I think I found one before but I thought it was just a small squishy bean.


----------



## Etter1 (Nov 13, 2004)

My Dad was duck hunting in december on the susquehanna river in PA and a body floated by.  They went and got it and called the cops.  Turned out it was an old man that fell in and drowned.


----------



## Timberman (Nov 13, 2004)

We once cruised a tract of timber that adjoined I 26 and a rest area in SC. On the side joining the interstate we encountered nasty blankets, beer cans, used condoms, etc. We smelled smoke and walked up on a man leaning against a tree, smoking a cigarette. He eyed us and we eyed him and walked on by, no words spoken. Anybody seen "Something about Mary"? 

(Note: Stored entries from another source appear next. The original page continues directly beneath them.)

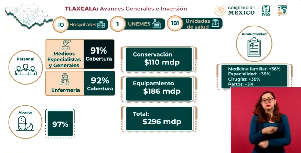 Robledo Aburto señaló que a casi un año de implementado el programa de salud IMSS–Bienestar en los 10 hospitales, 181 Unidades de Salud y una Unidad de Especialidades Médicas (Uneme) de Tlaxcala, los avances generales e inversión es de un 91 por ciento de cobertura de médicos especialistas y generales, 92 por ciento de cobertura en enfermería e históricamente obtener un 97 por ciento de abasto en medicamentos surtidos en las recetas de pacientes.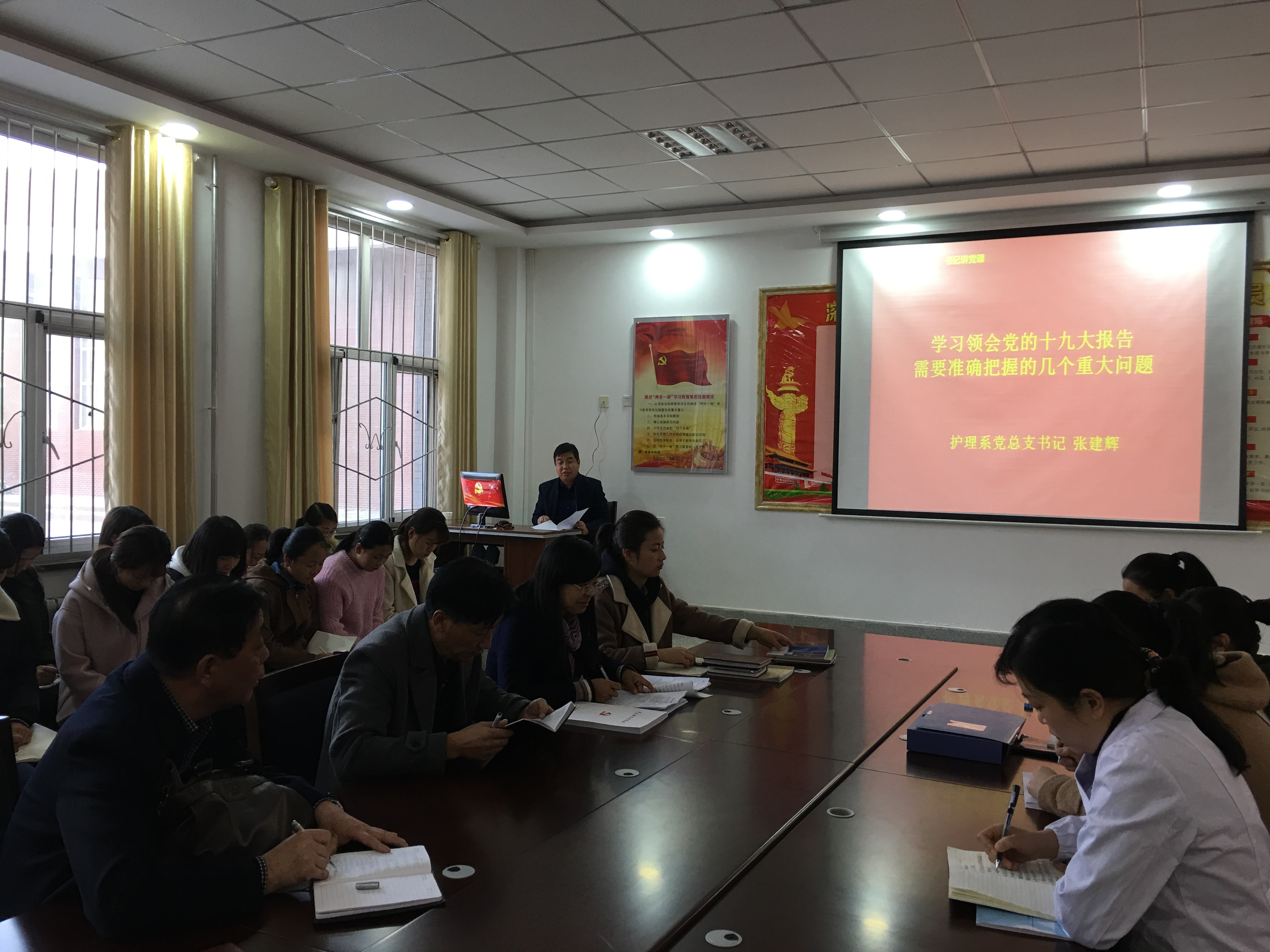11月17日,護理系黨支部支召開全體黨員大會,黨總支書記張建輝講黨課,就《學習領(lǐng)會黨的十九大報告需要準確把握的幾個重大問題》進行專題黨課輔導,促進全體黨員對十九大精神的學習理解。護理系入黨積極分子聆聽了黨課。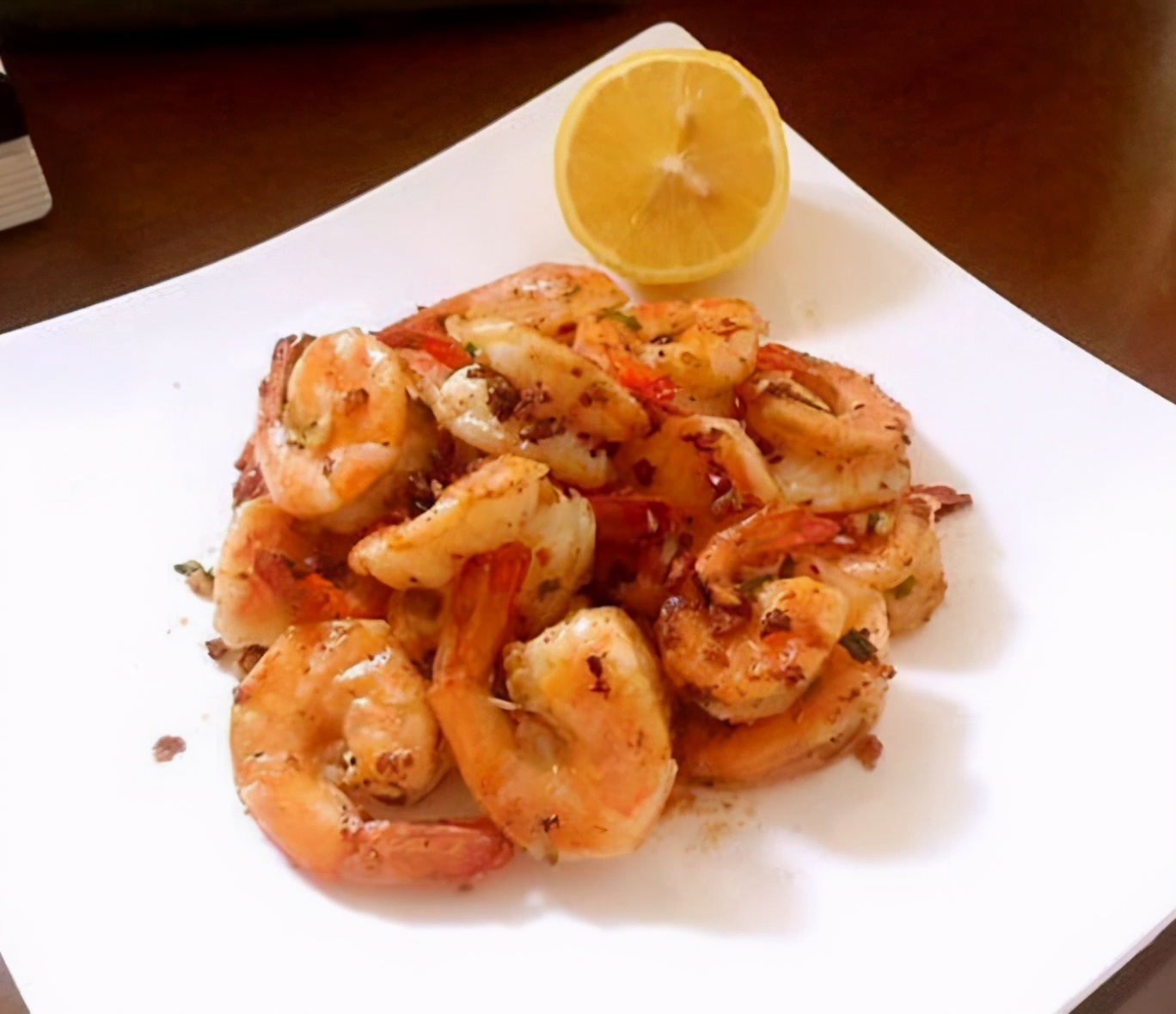 4.快速翻炒至大虾变红,卷曲。淋一点柠檬汁 ,颠两下,就好啦。(从大虾下锅到起锅,绝对不超过五分钟的)装盘,可以再撒一点意大利香料碎。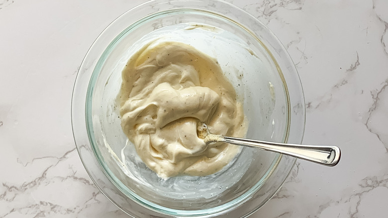 - In a small bowl, add mayo, vinegar, salt, pepper, and garlic powder. Stir to combine.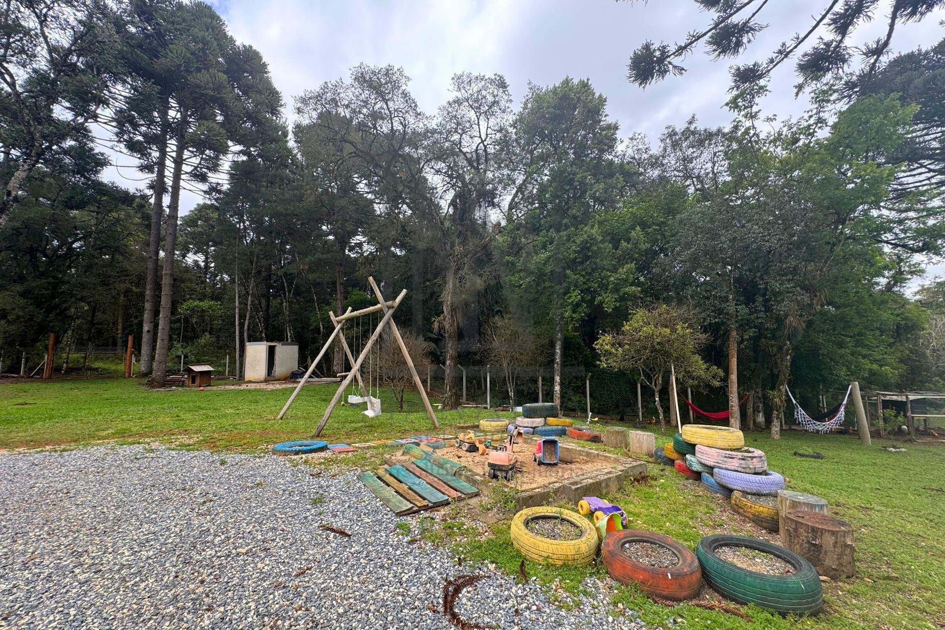 O terreno conta com playground, espaço para fogueira, oficina com cobertura para dois veículos e um córrego na divisa, que traz charme e tranquilidade ao local.

As far a dope goes, Gulf Hammock Florida took the cake. I once found a windrow in young planted pines at least 1/4 mile long completely infested. Of course I called the proper authorities. That was one of the biggest, but not the only. 

If we're talking others, a forester friend of mine found a dead mexican on a powerline in Quincy, Fla. He'd been there long enough for the crows to peck his eyes out and to bloat up good, but not bust. Nice aroma.


----------



## Handgunner (Nov 15, 2004)

If I makes you feel better, Matt.  I care. 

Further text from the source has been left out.